I was trying out Garnett on a dataset I had analysed with Monocle3, and it is not working. This is what I am running - and it all goes smoothly until I try to train the classifier:
cds <- load_cellranger_data("path/to/data")
cds <- cds[!Matrix::rowSums(exprs(cds)) == 0,] #I added this after seeing that there were ~9000 rows with only 0 in my data.
counts(cds) <- as(counts(cds),"dgCMatrix")
cds <- estimate_size_factors(cds)
#Sanity checks - all show "0"
sum(!is.finite(exprs(cds)))
sum(Matrix::rowSums(exprs(cds)) == 0)
sum(Matrix::colSums(exprs(cds)) == 0)
#Process
cds = preprocess_cds(cds, num_dim = 100)
cds = reduce_dimension(cds, cores = 10)
cds = reduce_dimension(cds, reduction_method="tSNE")
cds = cluster_cells(cds, resolution=c(10^seq(-6,-1)))
colData(cds)$garnett_cluster = clusters(cds)

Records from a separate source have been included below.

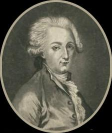 Charles Auguste Boehmer (? - Stuttgart, 1794)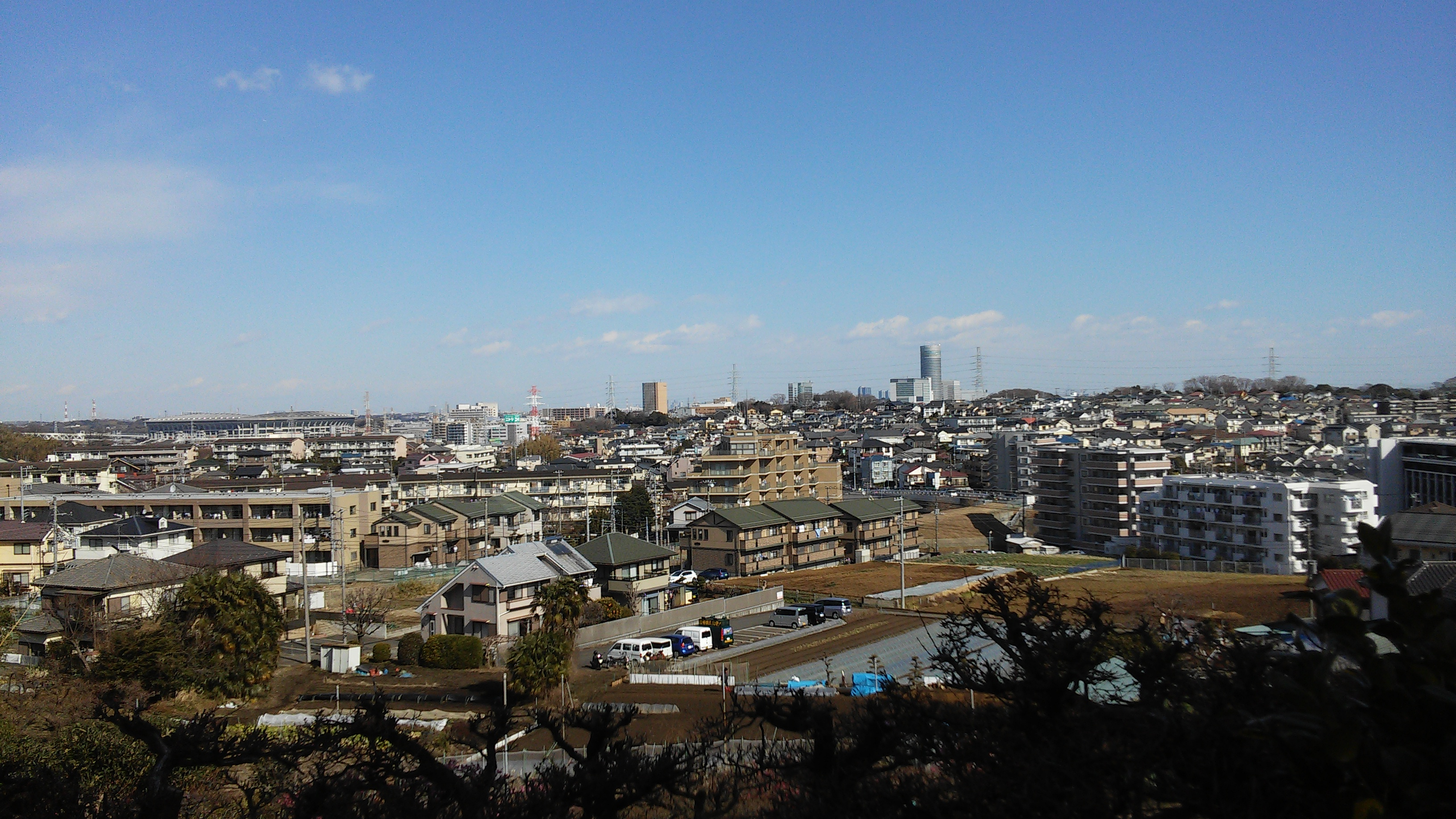 Shin-Yokohama viewed from Katakura, Kanagawa-ku, Yokohama. 新横浜遠景（横浜市神奈川区片倉から）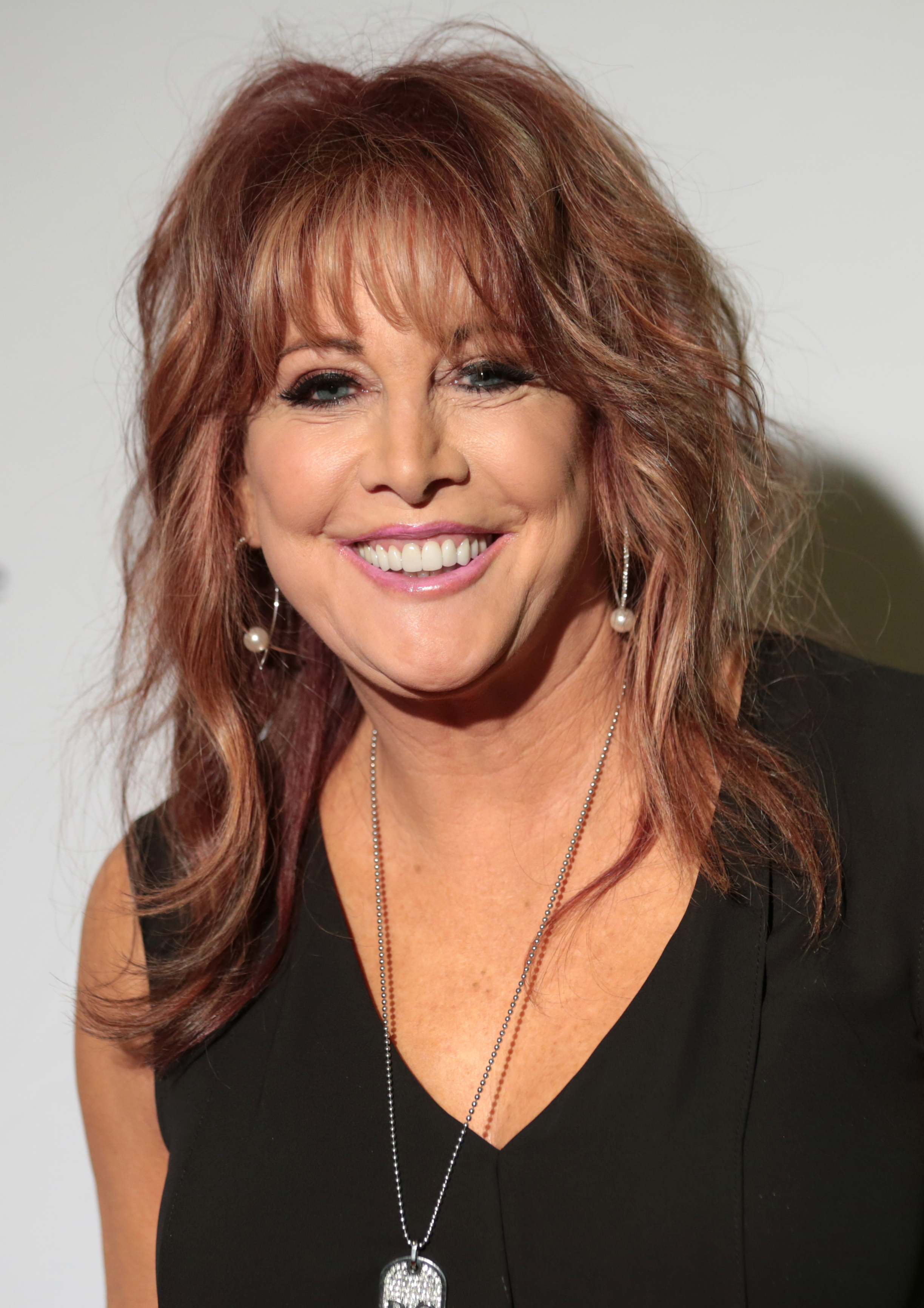 Nancy Lieberman at Celebrity Fight Night XXIV in Phoenix, Arizona.

marker_check <- check_markers(cds, "markers/marker_file.txt",
db=org.Mm.eg.db,
cds_gene_id_type = "ENSEMBL",
marker_file_gene_id_type = "ENSEMBL")
plot_markers(marker_check)
cds_classifier <- train_cell_classifier(cds = cds,
marker_file = "markers/marker_file.txt",
db=org.Mm.eg.db::org.Mm.eg.db,
cds_gene_id_type = "ENSEMBL",
num_unknown = 500,
marker_file_gene_id_type = "ENSEMBL",
cores=50)
There are 10 cell type definitions
Error in `$<-.data.frame`(`*tmp*`, "cds", value = character(0)) :
replacement has 0 rows, data has 82
Not sure what the problem is, specially as the "marker_check" goes well.
> cds
class: cell_data_set
dim: 18845 10375
metadata(1): cds_version
assays(1): counts
rownames(18845): ENSMUSG00000051951 ENSMUSG00000025900 ...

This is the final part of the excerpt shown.